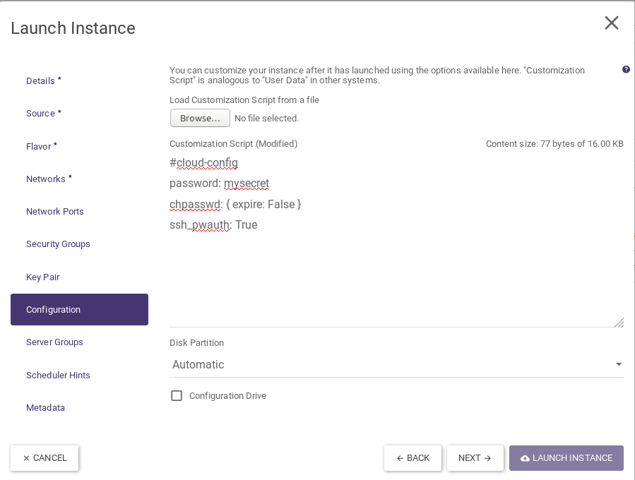 Important! If you need to set a password for a user on a system that will not have access to the cloud router, check the “Configuration drive “ option - this will allow the #cloud-config script to run independently of the ATMAN cloud metadata server.
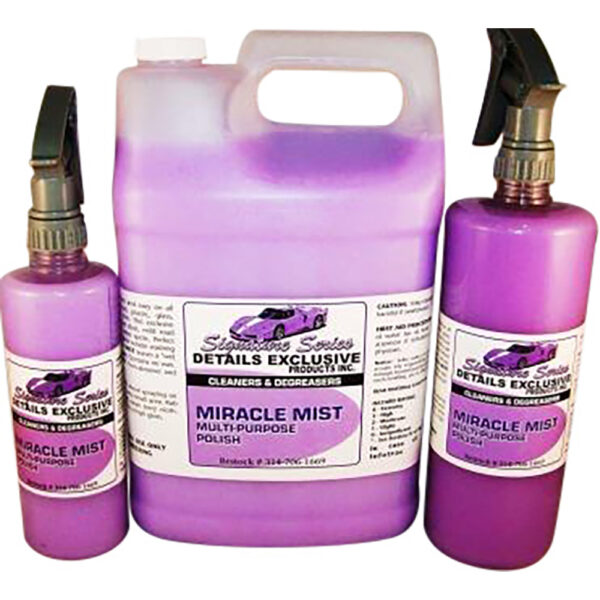 Signature Series Miracle Mist is a multi-purpose polish that works fast and easy on all painted surfaces, clear coat, plastic, glass, metal, vinyl, and rubber trim. This exclusive formula will safely remove dust, mild road grime, fingerprints and water spots. Perfect for spot washing or complete vehicle washing with water. Miracle Mist leaves a wet-look shine. Body shop safe. Contains no wax. Anti-static and anti-streak. Non-abrasive and non-silicone. Miracle Mist should be used when claying the exterior paint surface, to insure the life of the clay bar.
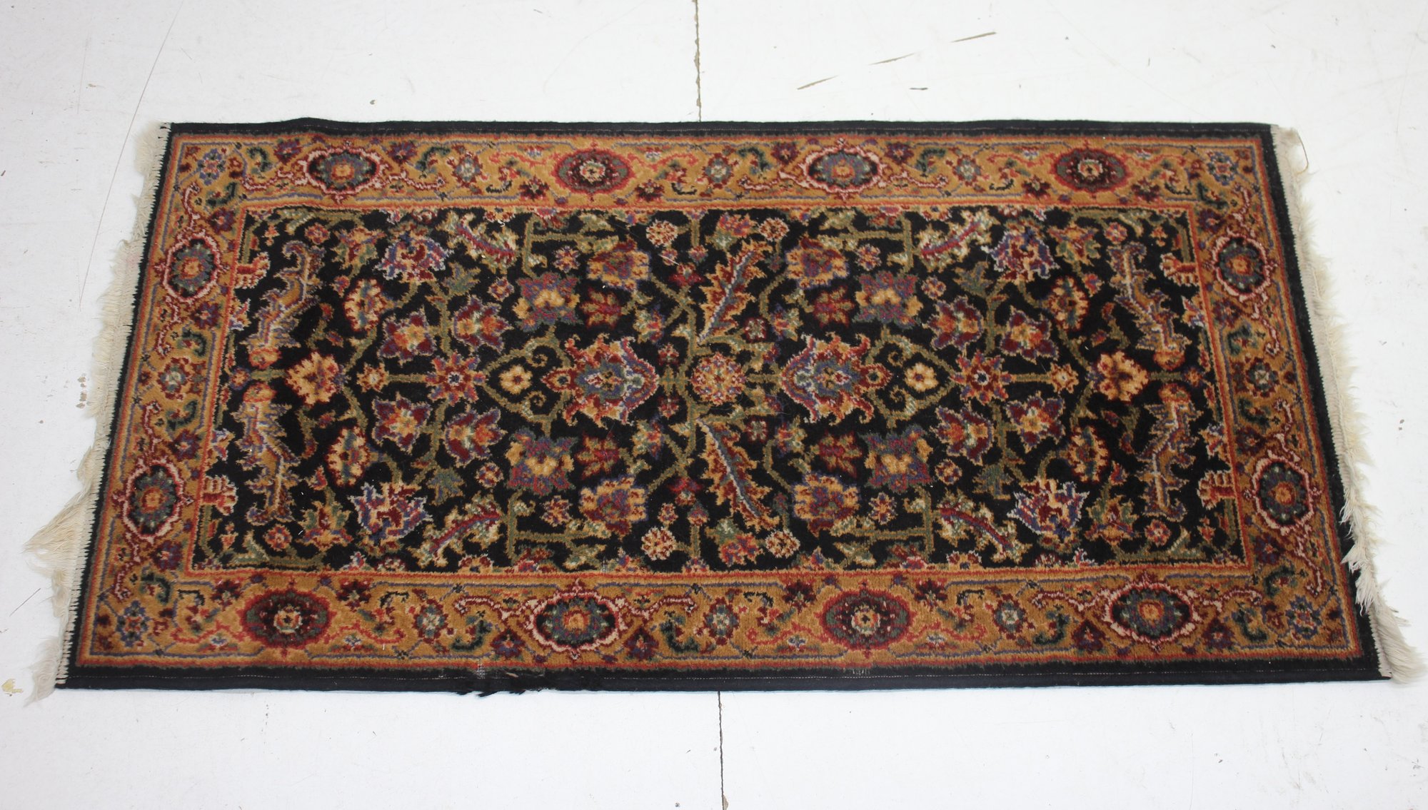 This exquisite handmade vintage Oriental rug measures approximately 47 inches by 24 inches. It features a rich black field adorned with intricate floral and vine motifs, surrounded by a detailed multi-colored border with traditional patterns. The rug showcases fine craftsmanship with vibrant colors and an elegant design, perfect for enhancing any interior space.

◆ Exercise ◆
The copy should run from the first line of the material above through the line with "Signature Series Miracle", repeated exactly and without pictures.

◆ Result of the task ◆
 Important! If you need to set a password for a user on a system that will not have access to the cloud router, check the “Configuration drive “ option - this will allow the #cloud-config script to run independently of the ATMAN cloud metadata server.
 Signature Series Miracle Mist is a multi-purpose polish that works fast and easy on all painted surfaces, clear coat, plastic, glass, metal, vinyl, and rubber trim. This exclusive formula will safely remove dust, mild road grime, fingerprints and water spots. Perfect for spot washing or complete vehicle washing with water. Miracle Mist leaves a wet-look shine. Body shop safe. Contains no wax. Anti-static and anti-streak. Non-abrasive and non-silicone. Miracle Mist should be used when claying the exterior paint surface, to insure the life of the clay bar.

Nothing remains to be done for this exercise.